RECORDS PROVIDED

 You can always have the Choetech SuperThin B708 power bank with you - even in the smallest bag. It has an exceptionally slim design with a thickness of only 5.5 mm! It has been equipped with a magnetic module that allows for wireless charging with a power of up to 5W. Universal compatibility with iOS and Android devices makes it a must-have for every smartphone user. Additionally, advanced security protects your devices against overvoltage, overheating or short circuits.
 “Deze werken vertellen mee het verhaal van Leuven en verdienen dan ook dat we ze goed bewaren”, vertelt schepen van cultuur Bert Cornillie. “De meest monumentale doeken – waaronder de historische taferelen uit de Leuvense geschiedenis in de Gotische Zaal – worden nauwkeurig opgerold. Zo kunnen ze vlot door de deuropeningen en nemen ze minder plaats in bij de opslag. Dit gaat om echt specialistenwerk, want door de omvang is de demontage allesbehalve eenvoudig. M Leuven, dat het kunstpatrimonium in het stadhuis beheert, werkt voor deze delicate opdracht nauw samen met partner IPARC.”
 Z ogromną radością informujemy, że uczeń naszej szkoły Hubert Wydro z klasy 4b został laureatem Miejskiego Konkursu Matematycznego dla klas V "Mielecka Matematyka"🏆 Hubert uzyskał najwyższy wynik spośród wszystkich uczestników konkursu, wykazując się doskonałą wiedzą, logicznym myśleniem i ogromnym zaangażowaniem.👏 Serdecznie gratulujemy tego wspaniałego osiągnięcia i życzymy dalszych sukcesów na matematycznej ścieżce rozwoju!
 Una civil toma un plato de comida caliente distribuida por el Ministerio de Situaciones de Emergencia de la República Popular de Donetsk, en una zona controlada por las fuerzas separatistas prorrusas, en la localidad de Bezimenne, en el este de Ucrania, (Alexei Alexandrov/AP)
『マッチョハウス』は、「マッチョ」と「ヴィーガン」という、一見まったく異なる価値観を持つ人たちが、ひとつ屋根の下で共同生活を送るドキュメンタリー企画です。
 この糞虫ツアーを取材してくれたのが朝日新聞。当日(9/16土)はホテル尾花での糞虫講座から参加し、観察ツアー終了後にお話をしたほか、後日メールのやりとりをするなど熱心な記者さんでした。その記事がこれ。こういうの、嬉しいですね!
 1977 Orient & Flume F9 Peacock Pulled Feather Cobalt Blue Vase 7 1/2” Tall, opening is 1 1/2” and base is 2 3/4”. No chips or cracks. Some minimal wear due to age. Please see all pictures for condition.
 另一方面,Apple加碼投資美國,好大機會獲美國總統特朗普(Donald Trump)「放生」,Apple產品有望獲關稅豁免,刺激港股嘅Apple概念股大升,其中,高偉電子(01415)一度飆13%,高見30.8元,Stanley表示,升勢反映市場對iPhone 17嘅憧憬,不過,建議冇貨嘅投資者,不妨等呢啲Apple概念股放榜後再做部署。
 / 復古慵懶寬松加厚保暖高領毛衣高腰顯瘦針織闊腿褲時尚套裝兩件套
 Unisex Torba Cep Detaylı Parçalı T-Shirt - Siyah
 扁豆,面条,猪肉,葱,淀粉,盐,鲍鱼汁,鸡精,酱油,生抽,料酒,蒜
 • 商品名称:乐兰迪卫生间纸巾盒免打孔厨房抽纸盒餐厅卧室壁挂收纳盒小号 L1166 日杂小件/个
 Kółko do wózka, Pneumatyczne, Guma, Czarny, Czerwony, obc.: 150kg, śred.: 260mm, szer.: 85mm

PROBLEM TO SOLVE
Output the full listing above once again, verbatim.

RESULT OF THE TASK
 You can always have the Choetech SuperThin B708 power bank with you - even in the smallest bag. It has an exceptionally slim design with a thickness of only 5.5 mm! It has been equipped with a magnetic module that allows for wireless charging with a power of up to 5W. Universal compatibility with iOS and Android devices makes it a must-have for every smartphone user. Additionally, advanced security protects your devices against overvoltage, overheating or short circuits.
 “Deze werken vertellen mee het verhaal van Leuven en verdienen dan ook dat we ze goed bewaren”, vertelt schepen van cultuur Bert Cornillie. “De meest monumentale doeken – waaronder de historische taferelen uit de Leuvense geschiedenis in de Gotische Zaal – worden nauwkeurig opgerold. Zo kunnen ze vlot door de deuropeningen en nemen ze minder plaats in bij de opslag. Dit gaat om echt specialistenwerk, want door de omvang is de demontage allesbehalve eenvoudig. M Leuven, dat het kunstpatrimonium in het stadhuis beheert, werkt voor deze delicate opdracht nauw samen met partner IPARC.”
 Z ogromną radością informujemy, że uczeń naszej szkoły Hubert Wydro z klasy 4b został laureatem Miejskiego Konkursu Matematycznego dla klas V "Mielecka Matematyka"🏆 Hubert uzyskał najwyższy wynik spośród wszystkich uczestników konkursu, wykazując się doskonałą wiedzą, logicznym myśleniem i ogromnym zaangażowaniem.👏 Serdecznie gratulujemy tego wspaniałego osiągnięcia i życzymy dalszych sukcesów na matematycznej ścieżce rozwoju!
 Una civil toma un plato de comida caliente distribuida por el Ministerio de Situaciones de Emergencia de la República Popular de Donetsk, en una zona controlada por las fuerzas separatistas prorrusas, en la localidad de Bezimenne, en el este de Ucrania, (Alexei Alexandrov/AP)
『マッチョハウス』は、「マッチョ」と「ヴィーガン」という、一見まったく異なる価値観を持つ人たちが、ひとつ屋根の下で共同生活を送るドキュメンタリー企画です。
 この糞虫ツアーを取材してくれたのが朝日新聞。当日(9/16土)はホテル尾花での糞虫講座から参加し、観察ツアー終了後にお話をしたほか、後日メールのやりとりをするなど熱心な記者さんでした。その記事がこれ。こういうの、嬉しいですね!
 1977 Orient & Flume F9 Peacock Pulled Feather Cobalt Blue Vase 7 1/2” Tall, opening is 1 1/2” and base is 2 3/4”. No chips or cracks. Some minimal wear due to age. Please see all pictures for condition.
 另一方面,Apple加碼投資美國,好大機會獲美國總統特朗普(Donald Trump)「放生」,Apple產品有望獲關稅豁免,刺激港股嘅Apple概念股大升,其中,高偉電子(01415)一度飆13%,高見30.8元,Stanley表示,升勢反映市場對iPhone 17嘅憧憬,不過,建議冇貨嘅投資者,不妨等呢啲Apple概念股放榜後再做部署。
 / 復古慵懶寬松加厚保暖高領毛衣高腰顯瘦針織闊腿褲時尚套裝兩件套
 Unisex Torba Cep Detaylı Parçalı T-Shirt - Siyah
 扁豆,面条,猪肉,葱,淀粉,盐,鲍鱼汁,鸡精,酱油,生抽,料酒,蒜
 • 商品名称:乐兰迪卫生间纸巾盒免打孔厨房抽纸盒餐厅卧室壁挂收纳盒小号 L1166 日杂小件/个
 Kółko do wózka, Pneumatyczne, Guma, Czarny, Czerwony, obc.: 150kg, śred.: 260mm, szer.: 85mm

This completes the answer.